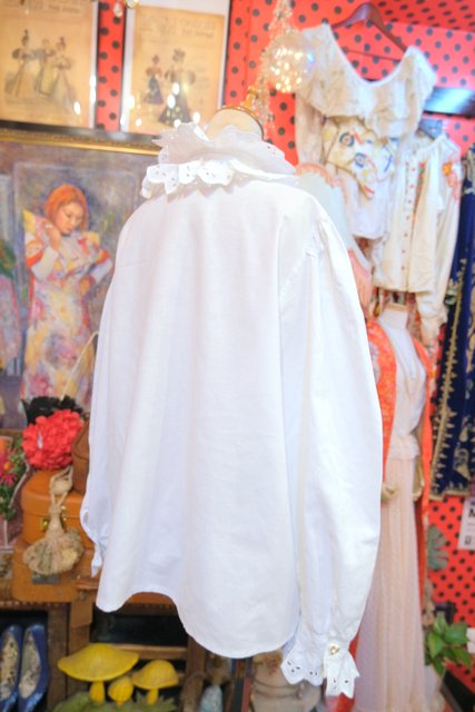 ヨーロッパ古着70sレースフリルヴィンテージブラウス
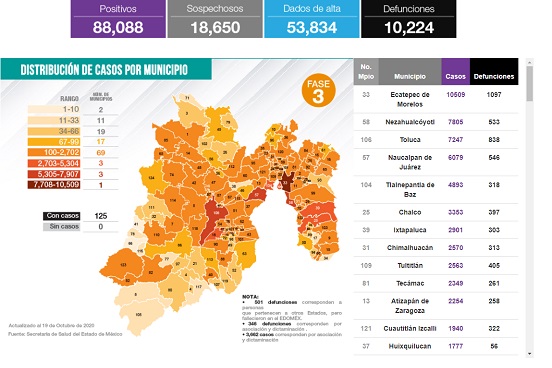 Edoméx suma 88,088 casos Covid-19 y 10,224 defunciones con 53,834 que lograron el alta
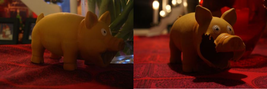 Vili sai nakkien lisäksi lahjaksi Mustista ja Mirristä ostetun ”joulupossun”, joka röhki, kun sitä puristi. Ajatuksena lahja oli tietysti kiva, mutta eihän se tuon nastahampaan käsittelyssä kestänyt ehjänä kuin hetken 😀 Noh, enää ei possu röhki, mutta ainakin oli mieluisa lahja, kun hauva touhusi koko aattoillan lahjansa kimpussa hah!
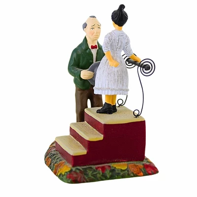 Spellbound By Hypno Girl is a quirky 3.5-inch Halloween Snow Village figurine that adds a fun and magical touch to your collection. The scene features an old man, captivated by a spellbinding woman standing on a platform, casting her hypnotic charm. Perfect for your Halloween village display, this accessory brings a playful, eerie vibe to your spooky setup. Measures Approximately 3.5 In H X 3 In W X 2.25 In D (HxWxD). Includes 1 Figurine.
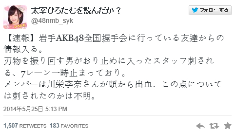 「AKB握手会で川栄李奈が頭から流血」はデマ!!!情報が錯綜する中、責任者が正式に釈明 - NAVER まとめmatome.naver.jp「AKB握手会で川栄李奈が頭から流血」はデマ!!!情報が錯綜する中、責任者が正式に釈明のまとめ
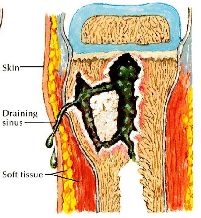 -Infectious process may erode periosteum and form sinus through soft tissues and skin to drain externally
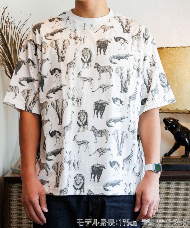 【セール】リアルアニマル総柄半袖Tシャツ■パパサイズ

* **Task requirements**: Leave every picture out and copy precisely the lines from the one containing "-Infectious process may" through the last line of the data above, both ends included.

* **Finished exercise**:
 -Infectious process may erode periosteum and form sinus through soft tissues and skin to drain externally
 【セール】リアルアニマル総柄半袖Tシャツ■パパサイズ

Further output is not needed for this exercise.